Transport layer Security is commonly used to secure the Web service from a message integrity and confidentiality perspective. Even though the client can interpret this from the https:// URL in the WSDL, there is no way for the client to know that the server uses SSL 1.0 or SSL 2.0. There is also no way for the client to know that the web service uses SSL with or without mutual authentication. Web services that need to use transport layer security, should use SSL 1.0 and negotiate certificate requirements out of band with their clients.

1.9 Carefully design the service description

WSDL allows the use of extensions however this requires out-of-band negotiation and development tools consuming WSDL may not understand extensions. The suggested workaround is to avoid the use of WSDL extensions since most use cases can be typically realized without extensions. WSDL allows associating a namespace with a document location using an import statement (modeled after xsd:import where schemaLocation is optional), however it is not completely clear about the significance of the location attribute in wsdl:import . Is it required? What is the content? To avoid interoperability issues, specify a non empty location in wsdl:import . WSDL also allows multiple ports to exist for a single endpoint. However in reality, input messages destined for different wsdl:ports on the same network endpoint may be indistinguishable on the wire and the endpoint may not be able to determine which wsdl:port is being invoked. The workaround is to ensure that a single wsdl:port exists per location during WSDL design. WSDL allows operation name overloading in wsdl:PortType . This can cause tools that generate language specific bindings for the WSDL (e.g. wscompile which generates Java stubs from WSDL) to fail. The recommended workaround is to ensure that distinct names exist for operations in wsdl:portType.

1.10 Portability of client code between vendor implementations

J2EE developers would be familiar with the concept of writing an EJB and creating deploying it transparently in a J2EE server The EJB client can be written with complete transparency and used in any J2SE environment by simply altering configuration properties. This portability of client code does not translate identically in the Web Services environment, especially when using custom data types. For example a JAX-RPC client is not guaranteed to be portable if it uses anything beyond the simple data types. This is tied to the way the serializers and deserializers are written as discussed earlier as well as the non-portability of client side stubs. In simple words, if architects choose vendor A's implementation of JAX-RPC and write client code that uses serializers and deserializers to invoke the service, they should not expect to simply take the client code and use it directly in vendor B's runtime. The serializers and deserializers will need to be ported and vendor B's deployment tools will need to be used to regenerate the stub code. Applications should be designed to abstract away the specificity, minimizing the changes needed.

2. WS-I

The Web Services Interoperability Organization (WS-I) is an industry initiative for Web services that is focused on promoting Web service interoperability across platforms, applications, and programming languages. To quote from the charter "The WS-I organization is dedicated to meeting the needs of Web services developers, so as to enable them to develop and deploy interoperable Web services on the platform and development language of their choosing."

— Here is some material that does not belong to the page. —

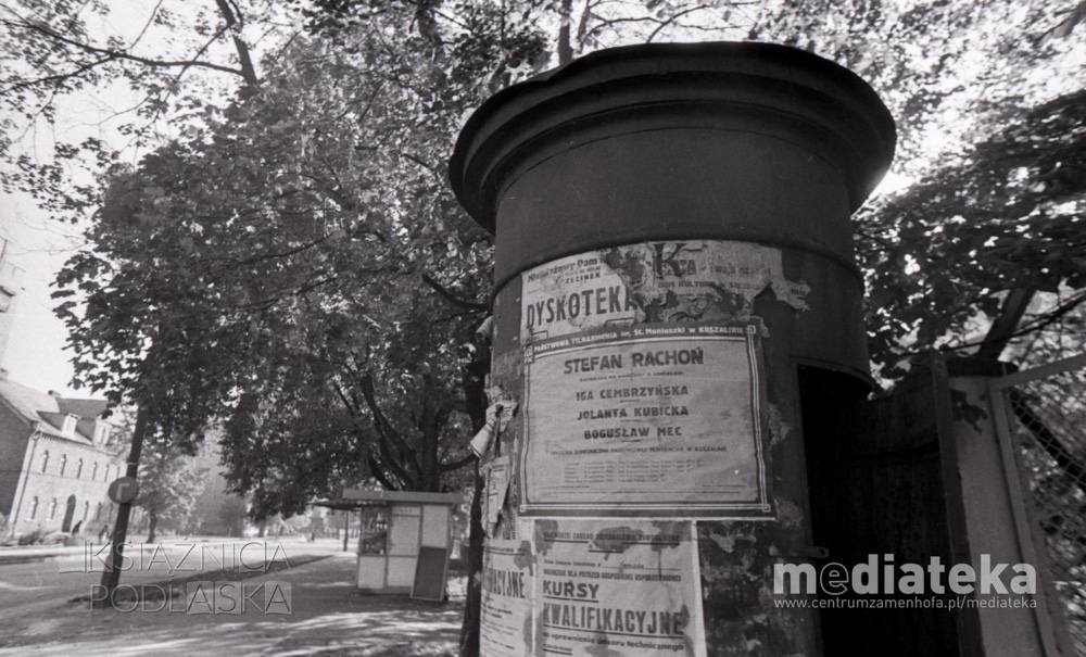Słup ogłoszeniowy, druga połowa lat 70. XX w., fot. ze zbiorów Andrzeja Trzcińskiego

Towards this purpose WS-I maintains a notion of profiles. A profile in WS-I represent a set of industry wide specifications that are grouped together with guidelines for use, or exclusion, of any optional or loosely specified features of those specifications. Contrary to popular belief WS-I is not a standards organization like W3C in that it does not release new technology specifications. It is also not source of WS-Reliability, WS-Security and other WS-* specifications. These have typically been proprietary specifications from single or small groups of companies and a few have been submitted to recognized standards bodies like OASIS etc.

Till date, WS-I has created the Basic Profile 1.0 that profiles the SOAP, WSDL and UDDI specifications as well; the Attachment profile 1.0 that profiles the use of attachments in SOAP messages and the Security profile 1.0 that profiles the use of WS-Security, XML Digital Signatures and XML Encryption for Web services.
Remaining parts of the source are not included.